Now given the generic process to know what goes into any record, taking SRV
as an example.
IANA is the guardian of things so go to https://www.iana.org/assignments/dns-parameters/dns-parameters.xhtml#dns-parameters-4 where you can see for SRV
that it is defined in RFC 2782
There it is defined as such:
Here is the format of the SRV RR, whose DNS type code is 33:
_Service._Proto.Name TTL Class SRV Priority Weight Port Target
with then respectively:
Service
The symbolic name of the desired service, as defined in Assigned
Numbers [STD 2] or locally. An underscore (_) is prepended to
the service identifier to avoid collisions with DNS labels that
occur in nature.
and
Proto
The symbolic name of the desired protocol, with an underscore
(_) prepended to prevent collisions with DNS labels that occur
in nature. _TCP and _UDP are at present the most useful values
for this field, though any name defined by Assigned Numbers or
locally may be used (as for Service). The Proto is case
insensitive.
[STD 2] reference is RFC 1700 but RFC 3232 obsoleted it to make a database online of possible values... which is again administered by IANA.
It is now there: https://www.iana.org/assignments/service-names-port-numbers/service-names-port-numbers.xhtml and do note that it is basically what you find in file /etc/services
in any Unix box.
So taking back your examples (your port numbers are wrong in multiple SRV
records depicted though):
mysql
is indeed defined for port 3306
so it is valid as service name and hence in an SRV
record
- for port
27017
, the service name is mongodb
, not mongo
(but do Mongo clients honor SRV
records?)
http
is indeed defined for port 80
so it is a valid service name (and https
for port 443)
mqtt
is defined as valid port name, for port 1883
. But same question as above, do clients use SRV
records at all?
Do note also that there are in the wild various SRV
records not following the above. If they can be published they "work", that is nothing will prevent resolution of them at the DNS level even if they don't use a registered service name as above, as long as some application of course do read them.
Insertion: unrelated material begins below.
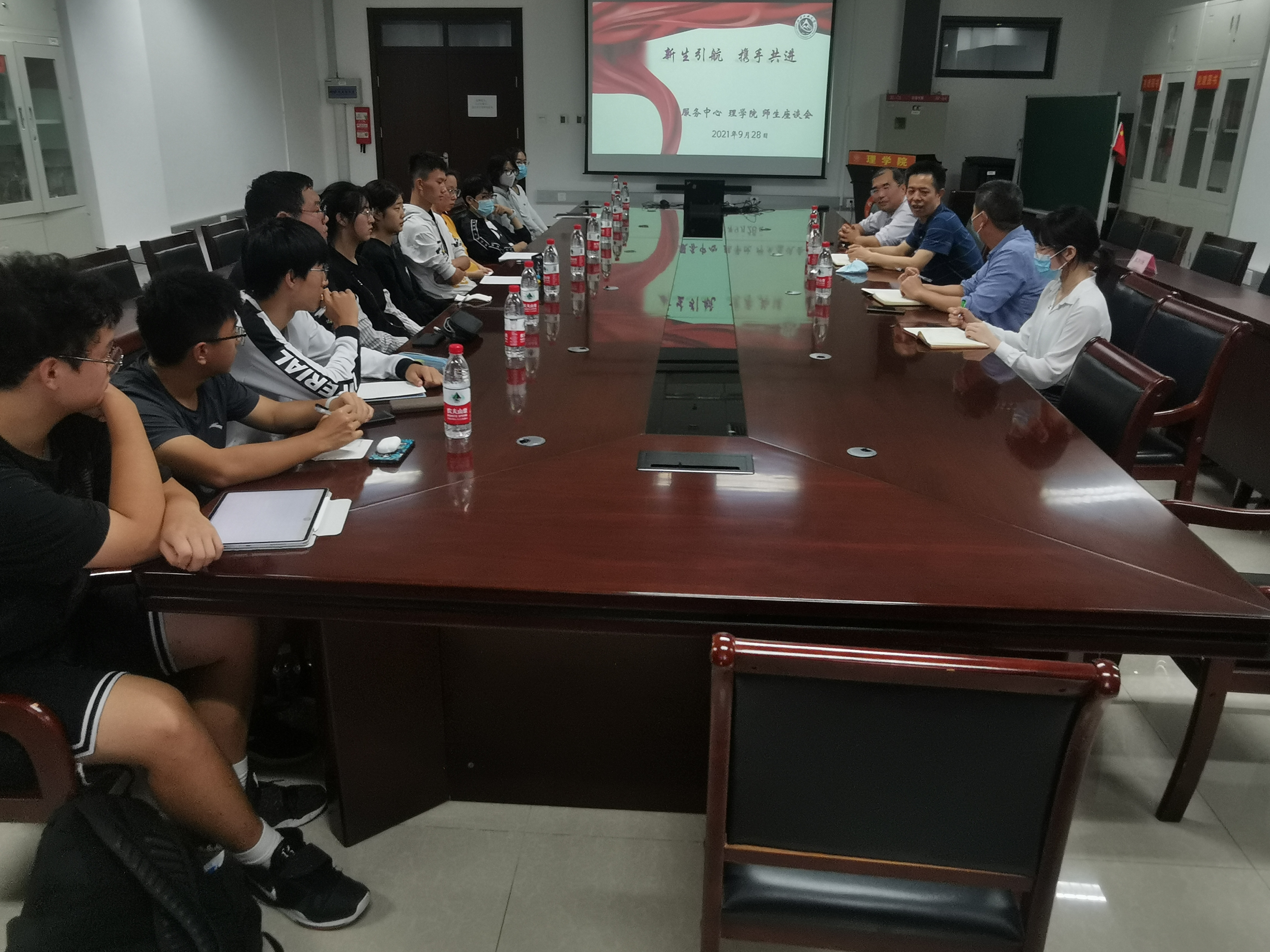 9月28日下午,服务中心与理学院共同举办“新生引航、携手共进”座谈会,畅谈大学生活,完善后期保障,帮助新同学迅速融入校园生活。各新生代表结合自己入校以来学习、生活等方面谈了自己的感受,并对就餐排队、超市购物、公用洗衣机、宿舍设施、购电等后勤方面遇到的问题进行了反馈,提出了合理化建议,服务中心总经理助理王群营针对同学们反馈的问题一一进行了解答。服务中心党委书记张加强向同学们简要介绍了学校服务中心各部...

For example, you can find lots of example with _sip._tls
or _sipfederationtls._tcp
online, which are both wrong: tls
is not a valid protocol, and sipfederantiontls
is not a valid service name (and is in fact too long, as https://www.rfc-editor.org/rfc/rfc6335.html#section-5.1 specifies it should be at most 15 characters long). So some tool/UI may prevent creating those records in a zonefile, and some nameservers may refuse to load them, but in most cases they will work (if applications do consume them).